SOURCE MATERIAL section start
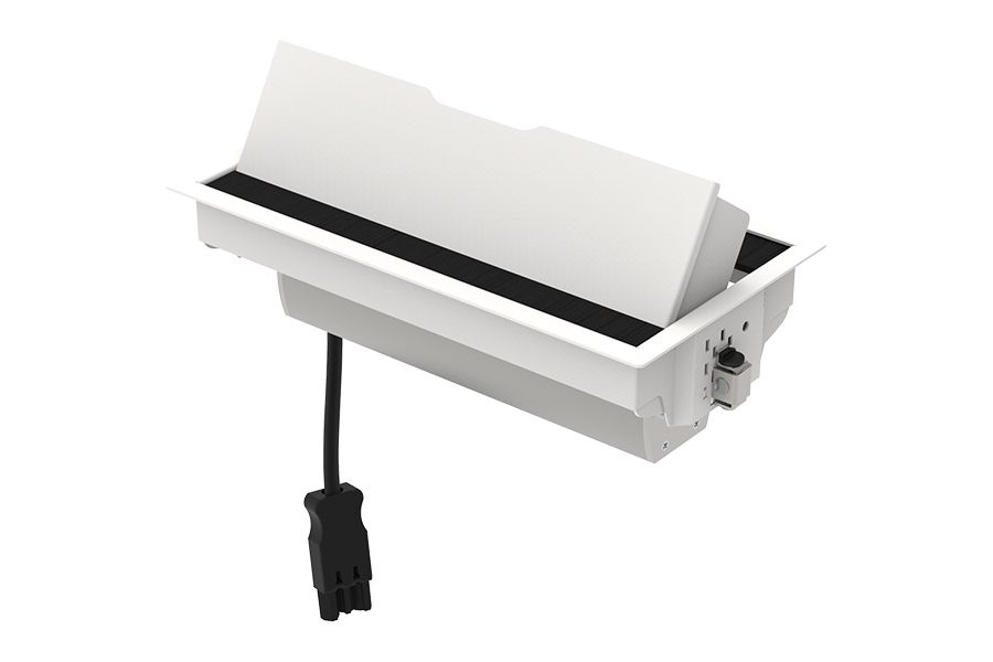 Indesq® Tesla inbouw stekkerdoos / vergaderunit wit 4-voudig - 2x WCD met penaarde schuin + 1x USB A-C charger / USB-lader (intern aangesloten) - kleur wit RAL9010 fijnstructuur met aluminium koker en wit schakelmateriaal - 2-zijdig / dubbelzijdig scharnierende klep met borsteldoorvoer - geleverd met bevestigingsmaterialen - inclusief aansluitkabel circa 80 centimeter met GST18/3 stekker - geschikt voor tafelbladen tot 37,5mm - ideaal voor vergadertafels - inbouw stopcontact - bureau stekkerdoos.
SOURCE MATERIAL section end
SOURCE MATERIAL section start
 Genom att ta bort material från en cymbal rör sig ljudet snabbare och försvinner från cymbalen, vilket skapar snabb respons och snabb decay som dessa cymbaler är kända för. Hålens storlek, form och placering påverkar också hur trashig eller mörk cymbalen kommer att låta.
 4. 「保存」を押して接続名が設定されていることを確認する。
SOURCE MATERIAL section end
- **WHAT THE TASK REQUIRES**: Using the data above, transcribe the lines that run from the line with "Genom att ta" to the line with "4. 「保存」を押して接続名が設定されていることを確認する。", both ends kept, and output nothing else.

- **RESULT BELOW**:
 Genom att ta bort material från en cymbal rör sig ljudet snabbare och försvinner från cymbalen, vilket skapar snabb respons och snabb decay som dessa cymbaler är kända för. Hålens storlek, form och placering påverkar också hur trashig eller mörk cymbalen kommer att låta.
 4. 「保存」を押して接続名が設定されていることを確認する。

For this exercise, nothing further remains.